What's New in CDH 5.11.x
What's New in CDH 5.11.1
This is a maintenance release that fixes some important issues. For details, see Issues Fixed in CDH 5.11.1.
What's New In CDH 5.11.0
- Supported Apache Tomcat TLS ciphers for HttpFS are configurable using the HTTPFS_SSL_CIPHERS environment variable.
- Supported Apache Tomcat TLS ciphers for the KMS are configurable using the KMS_SSL_CIPHERS environment variable.
- Amazon S3 Consistency with Metadata Caching (S3Guard)
Data written to Amazon S3 buckets is subject to the "eventual consistency" guarantee provided by Amazon Web Services (AWS), which means that data written to S3 may not be immediately available for queries and listing operations. This can cause failures in multi-step ETL workflows, where data from a previous step is not available to the next step. To mitigate these consistency issues you can now configure metadata caching for data stored in Amazon S3 using S3Guard. S3Guard requires that you provision a DynamoDB database from Amazon Web Services and configure S3Guard using the Cloudera Manager Admin Console or command-line tools. See Configuring and Managing S3Guard.
- Amazon S3 Server-side Encryption with SSE-KMS
Clusters that use Amazon S3 storage can now use Amazon Server-Side Encryption with AWS KMS–Managed Keys (SSE-KMS) to encrypt data, so you now have two choices for data-at-rest encryption on Amazon S3 (SSE-S3, SSE-KMS). Use Cloudera Manager Admin Console to configure the cluster to use this new feature as detailed in How to Configure Encryption for Amazon S3.
- You can partition RegionServers with RegionServer Groups.
- Use MOB_COMPACT_PARTITION_POLICY options to reduce the number of MOB files stored in HDFS. You can choose from daily, weekly, and monthly options.
Hive on Amazon S3 performance optimizations for:
HIVE-14204 : Dynamic partitioning writes and the INSERT OVERWRITE statement
HIVE-15546 : Parallel input path listing
Support for Microsoft Azure Data Lake Store (ADLS) as a secondary filesystem for Hive on MapReduce2 (YARN). You can use Hive on MapReduce2 to read and write data stored on ADLS. Hive-on-Spark is not currently supported to use ADLS data with CDH.
AWS cloud clusters can now share a single persistent instance of Amazon Relational Database Service (RDS) as the Hive metastore backend database, enabling persistent sharing of metadata beyond a cluster's life cycle.
Integrate Navigator with Hue: Phase 1, Metadata Discovery
- Search and tag partitions, databases, views, tables, columns.
- Off by default. Check both "Enable" fields in .
- See How to Enable and Use Navigator in Hue.
Embed new create table wizard within Editor and Assist
- Safely import multiple formats such as Kudu, Parquet, JSON, and CSV.

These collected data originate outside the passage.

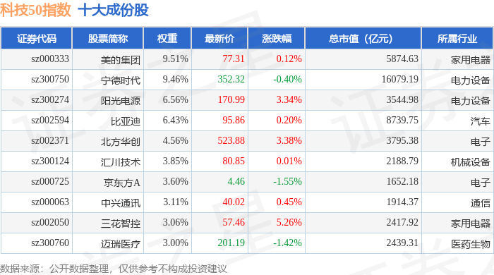 科技50(970080)指数十大成份股详情如下:
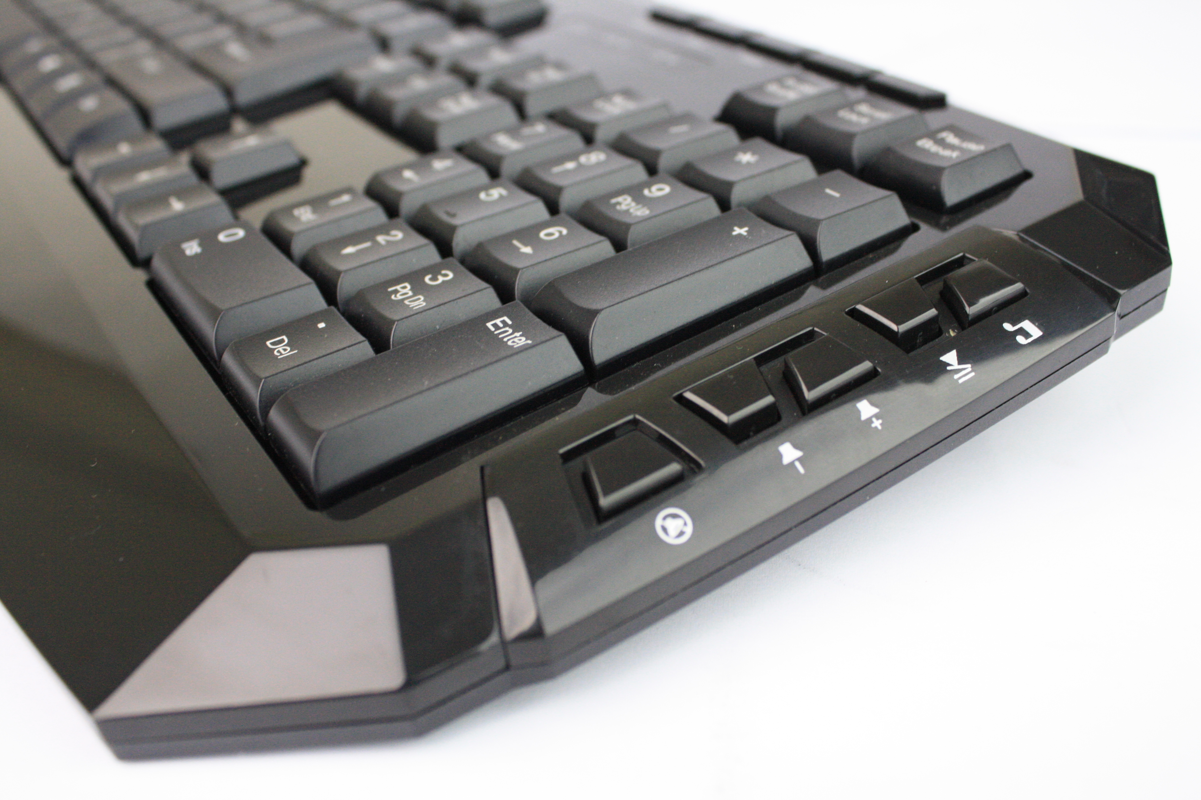 Berdasarkan pengujian kami, tombol multimedia (Music, Play/Pause, Volume Up, Volume Down, dan Mute di bagian kanan keyboard, serta Previous dan Next di kanan atas, dekat dengan lampu indikator) memiliki kompabilitas yang cukup beragam. Tombol shortcut multimedia tersebut bisa digunakan di banyak media player, di antaranya Windows Media Player, Foobar, Media Player Classic, VLC, dan lain sebagainya. Sayangnya, tombol Volume Up, Volume Down, dan Mute ternyata langsung mengarah ke Main Volume Control di sistem operasi, bukan Volume Control milik aplikasi multimedia.
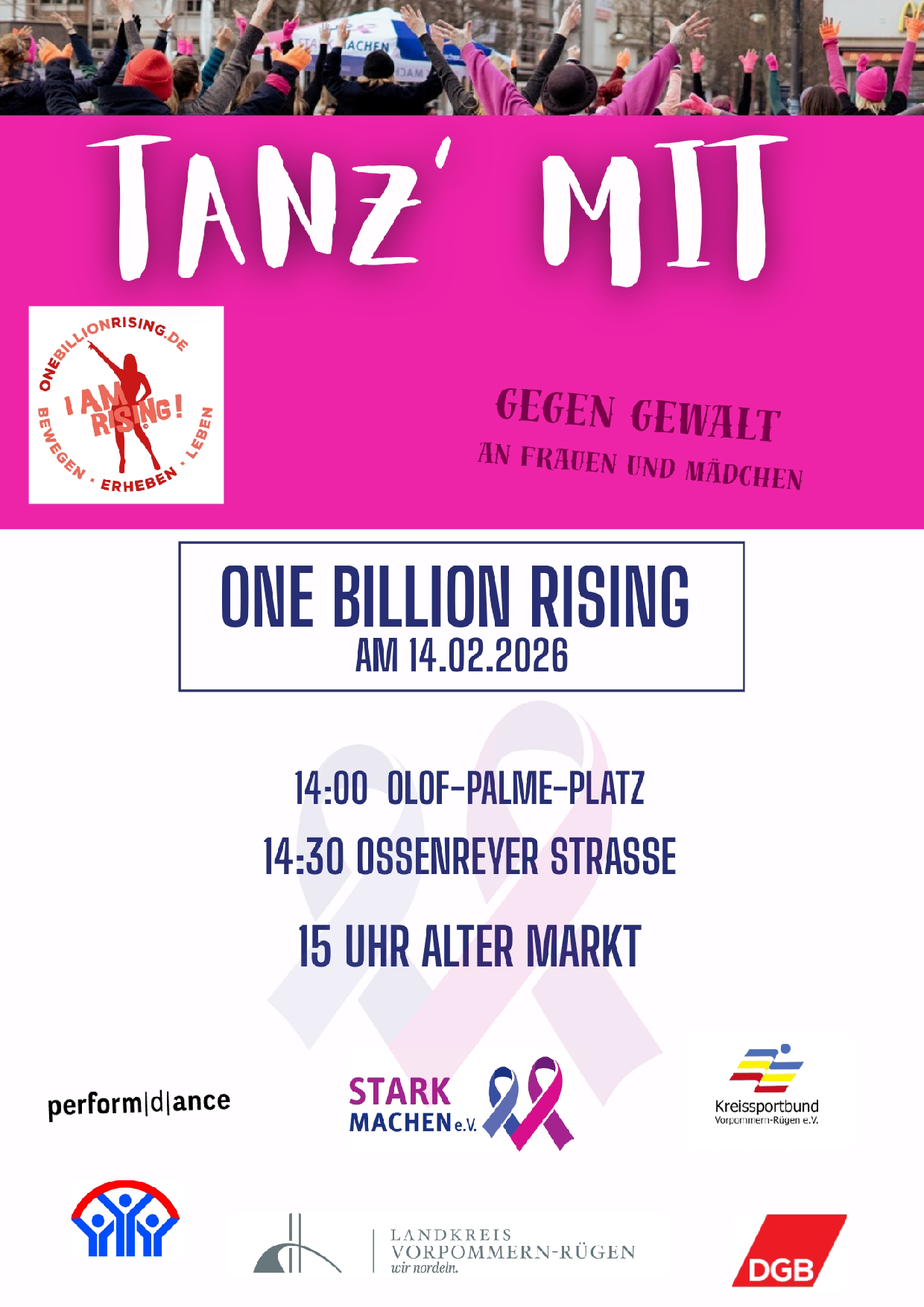Am 14. Februar 2026 beteiligen wir uns gemeinsam mit vielen Engagierten in Stralsund an der weltweiten Tanzaktion One Billion Rising und setzen ein sichtbares Zeichen gegen Gewalt an Frauen und Mädchen.
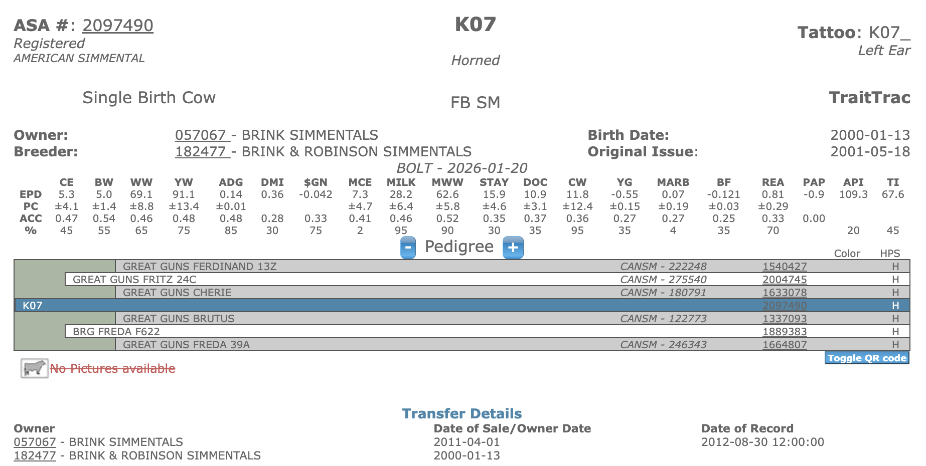 FOUNDATION FEMALES K07 ASA#: 2097490Dam of Herdsire Brink Amos S621Dam of Brink Marietta Y129Dam of Brink T705 Cow Dam of Herdsire Brink Amos S621 Dam of Brink Marietta Y129
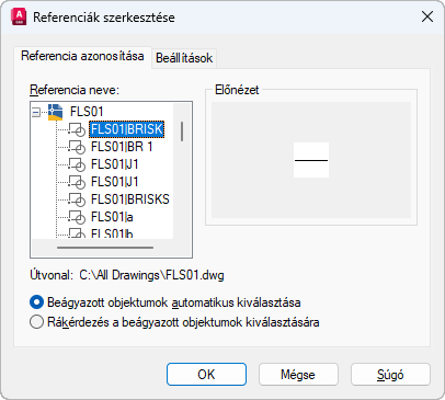 Megjeleníti a kiválasztott referenciafájl helyét. Ha nem egy blokk, akkor nem jelenik meg útvonal.
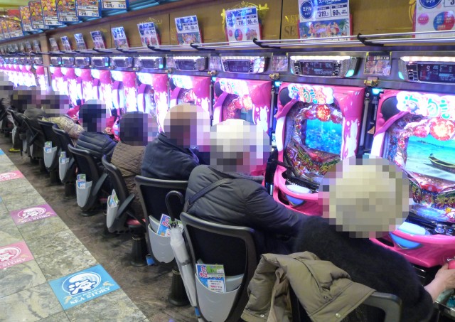 4円パチンココーナーでは、特に「CRスーパー海物語IN沖縄4マリンシェルビビッドピンクバージョン」が、高齢層のプレイヤーからの支持が厚く、のんびりと遊技を楽しむ姿があった。
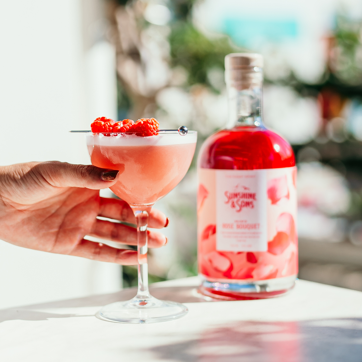 In a shaker add 50ml Mum's Rose Bouquet, 10ml Regal Rogue Darling Dry (or Vermouth), 30ml aquafaba, 20ml lemon Juice, 20ml raspberry syrup and shake well.
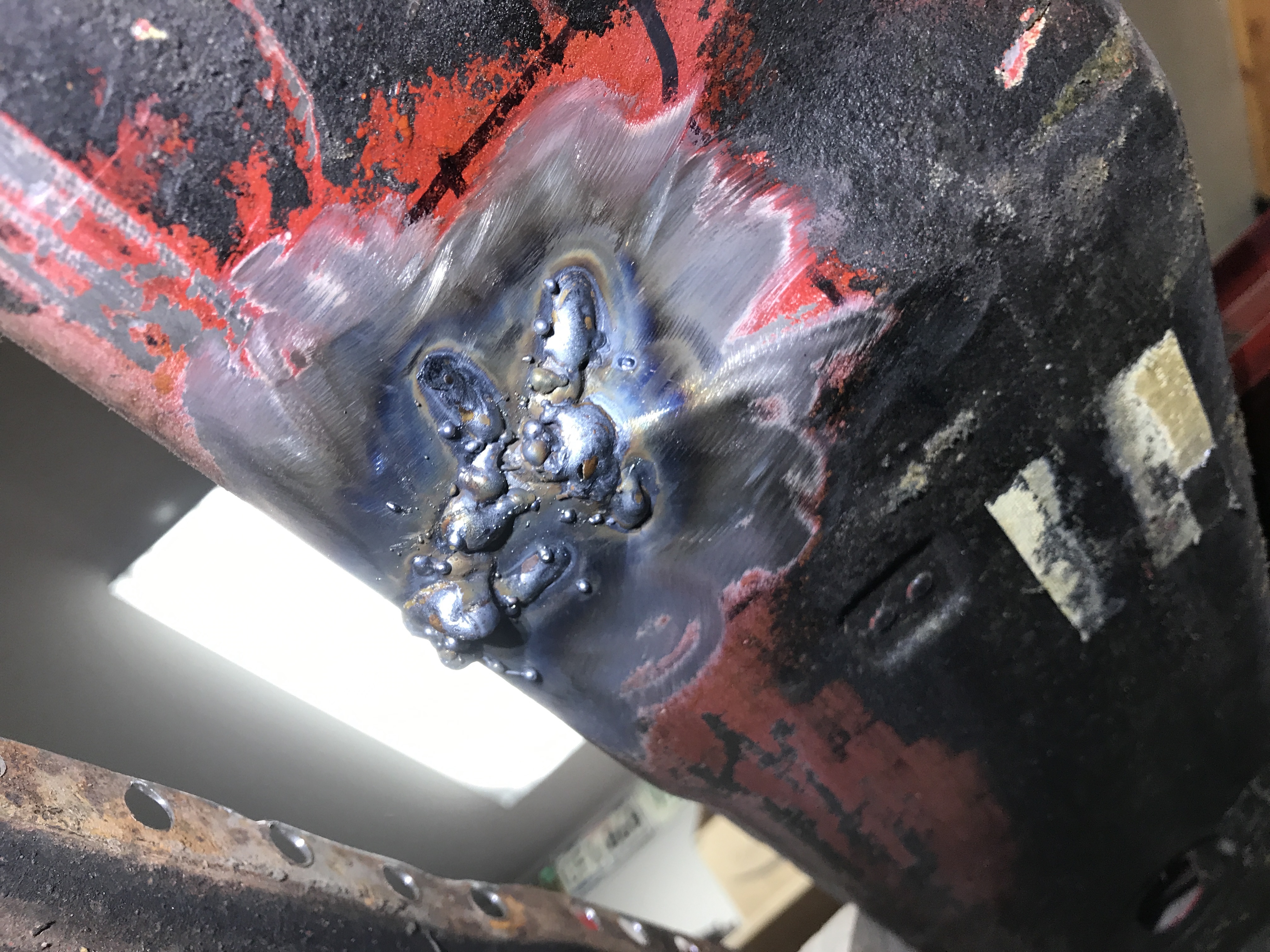 A few things to do before I can start welding in the floor. Item #1: welding the web of cracks in the left inner long, at the parking brake handle recess. A little sloppy (my excuse: upside down, which I could have corrected by rotating the rotisserie, but...).
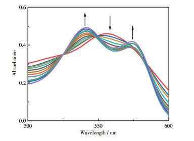 为了定性分析锰羰基配合物的CO释放性能,选取配合物3为代表,通过肌红蛋白法研究了其在红光作用下的分解情况。避光条件下,在连二亚硫酸钠还原剂存在时,脱氧肌红蛋白溶液的Q带保持稳定,证实配合物3具有优异的暗稳定性(图S6)。当该溶液用LED红光照射时,其脱氧肌红蛋白在560 nm处的吸收峰快速下降并在540和577 nm处产生2个马鞍形吸收峰,即为碳氧肌红蛋白特征峰(图 8)。该结果表明光激发促使锰配合物分解释放CO,释放的CO随即与脱氧肌红蛋白(deoxy-Mb)结合生成碳氧肌红蛋白(Mb-CO),直接证实了该配合物具备光诱导释放CO能力。
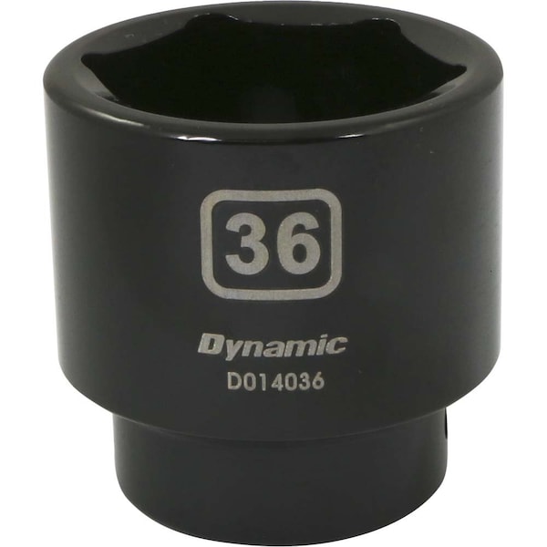 Size: 36mm. Drive Type: 6 Point. 1/2" Drive. Corrosion resistant black phosphate finish. Large laser etched markings improve size identification and provide differentiation between SAE and metric sizes. Meets ANSI standards.
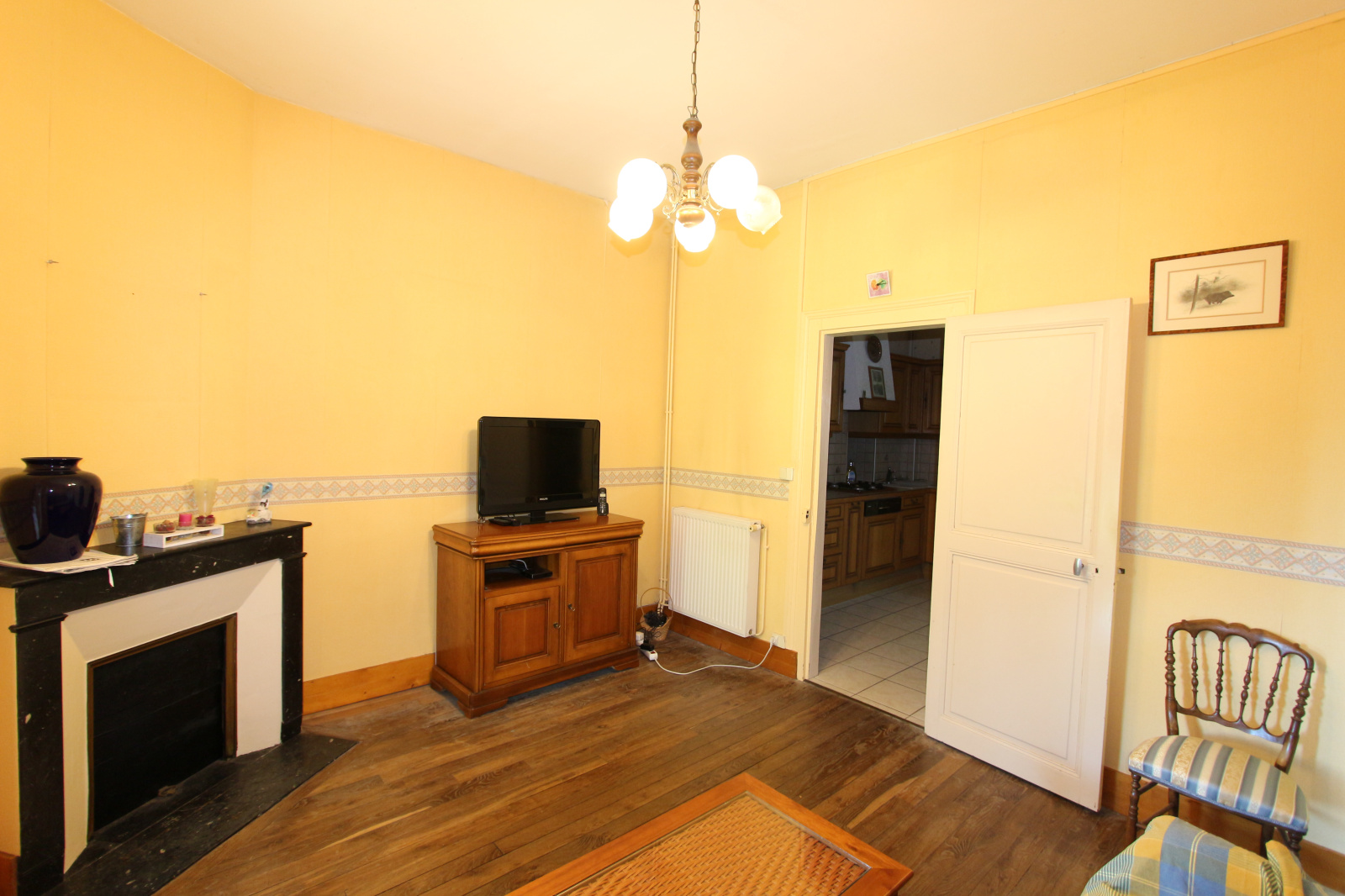 Maison ancienne avec beaucoup de charme, parquet et cheminée. Au rez-de-chaussée, vous découvrirez, un salon, un séjour, une cuisine, une chambre et des toilettes.

- More easily create table partitions.
- Continued SQL improvements
- Visually more pleasant colors and text.
- No more hanging spinner in the Editor.
HUE-5742: Allow non-public PostgreSQL schemas.
HUE-5608: Add ability to DESC table without TABLE level privilege
Apache Impala (incubating)
- Supported TLS ciphers for Apache Tomcat are configurable using the OOZIE_HTTPS_CIPHERS environment variable.
Blacklisting. This feature reduces the chance of application failure, by not scheduling work on hosts that are experiencing intermittent disk failures. See this blog post for background information.
You can enable Kerberos authentication and TLS/SSL encryption for the Spark History Server through Cloudera Manager configuration settings, rather than including the password in clear text in an Advanced Configuration Snippet field. See these settings in the Cloudera Manager user interface:
- history_server_spnego_enabled - for Kerberos authentication
With authentication enabled, only Kerberos-authorized users can read data from the Spark History Server, and non-admin users can only see information about their own jobs.
With TLS/SSL enabled, you provide the location of the keystore and its password, similar to the security configuration for other components.
Navigator lineage. The former Spark lineage extractor that was enabled through a safety valve is superceded by a more robust lineage collection mechanism. See Apache Spark Known Issues for some limitations and restrictions with this feature.
Support for Azure Data Lake Store (ADLS) as a secondary filesystem. You can use Spark jobs to read and write data stored on ADLS. Hive-on-Spark and Spark with Kudu are not currently supported for ADLS data.
- Supported TLS ciphers for Apache Tomcat are configurable using the SOLR_CIPHERS_CONFIG environment variable.
Server-Server Mutual Authentication
All ZooKeeper servers in an ensemble can now be configured to support quorum peer (server-server) mutual authentication, mitigating risk of spoofing by a rogue server on an unsecured network. The feature leverages Kerberos authentication through the SASL framework, so Kerberos is required.